Con la pubblicazione da parte del Ministero della Salute del piano annuale di prevenzione e sorveglianza, a cui ha collaborato anche il Centro Nazionale Sangue, inizia la ‘stagione’ del virus West Nile, un patogeno di origine ‘esotica’, come suggerisce il nome stesso, ma che ormai da diversi anni ha trovato in diverse regioni italiane un habitat favorevole.
A dispetto dei titoli allarmistici che spesso campeggiano sulle testate, soprattutto locali, paventando l’arrivo di ‘zanzare killer’, si tratta di una infezione per lo più asintomatica, che diventa pericolosa di norma solo se il virus infetta una persona immunodepressa o già debilitata per altre patologie. Proprio per questo il sistema sangue italiano mette in atto ogni estate una serie di misure per minimizzare il rischio che vengano trasfuse sacche infettate dal virus, visto che molto spesso ad avere bisogno di trasfusioni sono proprio soggetti che ricadono in questa definizione.
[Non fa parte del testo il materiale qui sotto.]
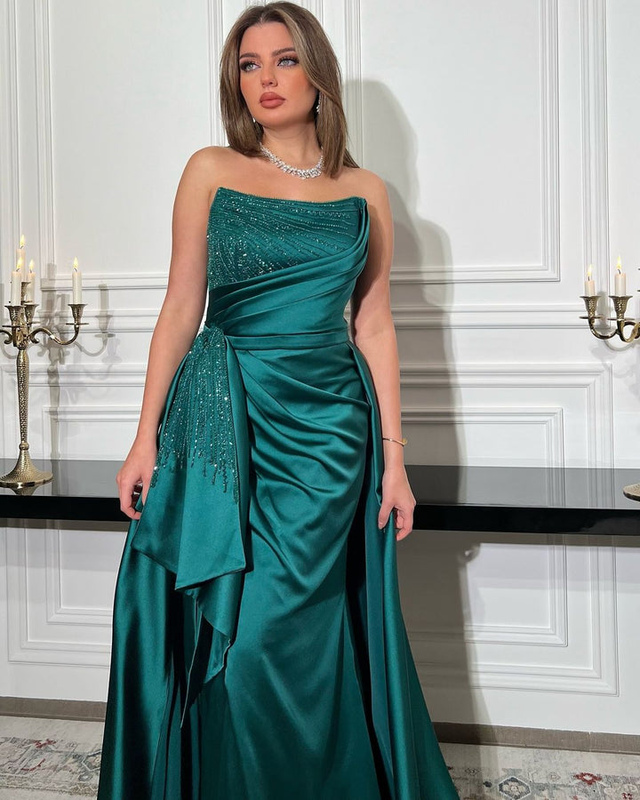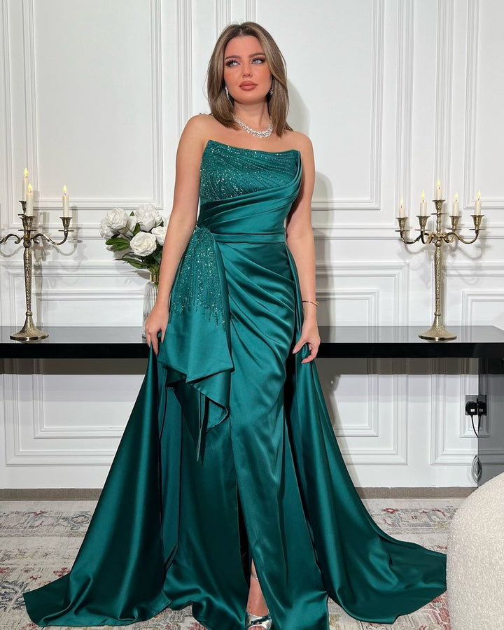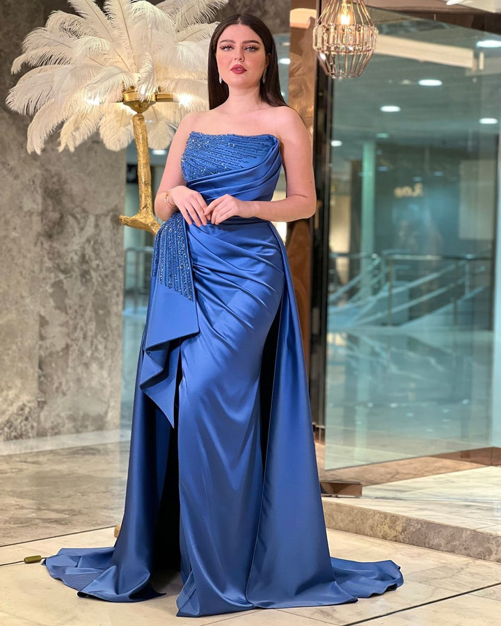 Arabic Mermaid Long Fuchsia Evening Dresses With Overskirt Side Slit for Women Wedding Formal Party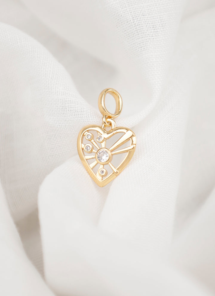Dije en forma de corazón con diseño calado y detalle central de circonita clara, elaborado con esmalte dorado. Su estilo delicado y elegante lo convierte en un accesorio versátil para complementar cadenas o pulseras.

Il sistema di sorveglianza si basa su una serie di campionamenti su animali portatori, cavalli e uccelli, e sulle zanzare del tipo culex, il principale vettore del virus. Se viene trovato un campione positivo tutti i donatori che hanno soggiornato nella provincia per almeno una notte vengono sospesi per 28 giorni, a meno che la loro regione di appartenenza non abbia deciso di effettuare il test NAT su tutte le sacche.
Questo test è molto sensibile, e come avviene per gli altri virus cercati nel sangue donato la sacca non viene utilizzata finché non si hanno i risultati dell’analisi. L’adozione ha permesso alle Regioni di evitare di sospendere un gran numero di donatori, eventualità che soprattutto nei mesi estivi può portare a gravi carenze di sangue.
Se si guarda ai numeri dello scorso anno si può dire che il piano ha funzionato. A fronte di 577 casi umani confermati di infezione da West Nile Virus (Wnv), una cifra insolitamente alta che ha seguito il trend degli altri paesi europei, 68 casi sono stati identificati in un donatore di sangue (30 Emilia-Romagna, 14 Veneto, 9 Piemonte, 11 Lombardia, 3 Friuli Venezia Giulia, 1 in Sardegna), e cosa più importante non ci sono state segnalazioni di trasfusioni con sangue infetto.
Una buona notizia, soprattutto perché il virus è destinato a rimanere e probabilmente ad ampliare il suo raggio d’azione oltre le 14 regioni già colpite dal 2008. Proprio per questo sarebbe auspicabile che sempre più regioni optassero per fare il test e non per la sospensione, per mettere al sicuro il sistema trasfusionale.